Just to make work a bit more simple, let's assume that a unit vectors in the i and j directions are 1 meter in length each. I'd also prefer to name the two axes x and y, rather than i and j, just as to avoid confusion with terms like initial velocity.
The velocity in the x direction is constant at 7 m/s
The velocity in the y direction is constant at 4 m/s
At t=0, you're told that the position vector is equal to 0.
These are the kinematic equations describing motion at a constant velocity, they can be constructed using integration, or the more intuitive definitions of velocity and initial position.
\vec x(t)=\vec v_{x}t + x_0
\vec y(t)=\vec v_{y}t+y_0
Now, you know exactly how those relations look like, since you know the constant velocities and the initial positions. Try and substitute t for t*, and define t*=-t
See what sort of expression that nets you.
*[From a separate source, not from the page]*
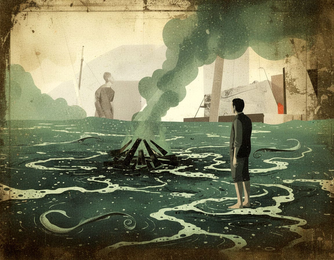the next night the stale smell of smoldering wood layered itself in gradually plummeting sheets talking and cajoling the underlayers of mist and seawater and the filmy residue of the curling skins of fishes creeping up and licking his feet in the darkness waiting to snare him unsuspectingly Hylas-like the foolishness in him taking a step closer to the edge of the sea unaware always unaware
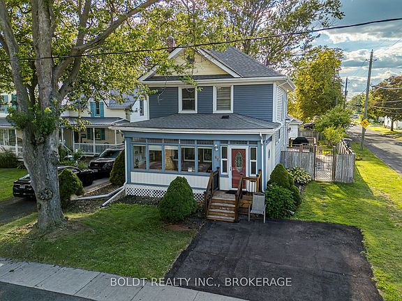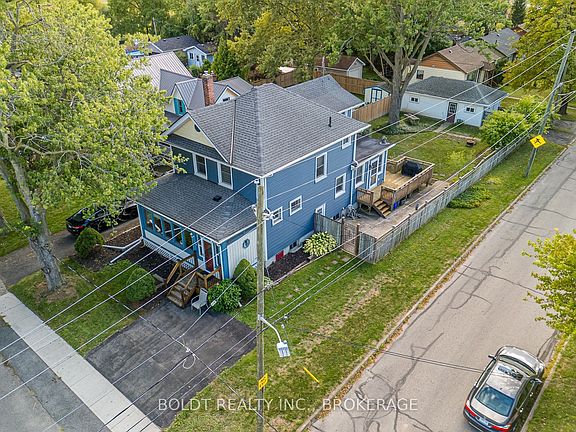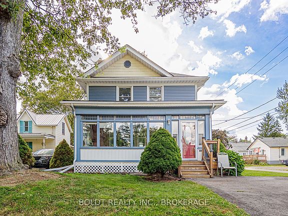 Turn of the Century CHARACTER Two storey Home with 8 1/2 foot ceilings, LARGE Rooms, Leaded Glass Accent Windows, Spacious Front Porch with scenic WATER VIEWS of the Welland Canal. Watch the ships go by! All of the original hardwood floors have also been REFINISHED nicely! Updated exterior siding and Thermal windows make for a warm, cozy, draft free home. All the wants are here! Quiet street with low traffic, comfortable spacious rooms , clean and bright, updated nicely and well maintained. Main floor 2pc & Main Floor LAUNDRY & FAMILY ROOMS offer convenience so you will never need to finish the basement. Patio doors to a wonderful wrap around deck. Gas FP in Living Room and 2window seats. Four Bedrooms with ample storage. Wooden staircase to second storey has been lovingly refinished. Outdoor living features acfully fenced back yard provides privacy and a safe space for kids and puppies. Two separate paved drives allow 3 cars parking plus A long detached garage also has new siding and doors and can fit two cars long. The newer CUSTOM DECKING has two access doors from FR and Kitchen and a dedicated BBQ area and the yard has mature shade trees and low maintenance Perennial gardens. Location is ideal- close to schools, shopping, university, shopping mall, downtown and major highways. This home has character plus modern amenities the best of both worlds

Like GURU said, the integration constant in physics is often very closely associated with the initial conditions of the system. Once you reach more advanced subject material such as work and energy, or others, you'll often find integration leaves you with other constants that are dependent on the initial conditions of the system.
One way to look at it is through dimensional considerations. You can only take the sum of two quantities that have the same dimensions. So the only constants you can add to an expression describing, displacement, for instance, are ones who themselves describe displacement.
For an expression dependent on any sort of variable, a(b)=kb^n+c just look at the 'initial' conditions, where b=0 and you'll find c.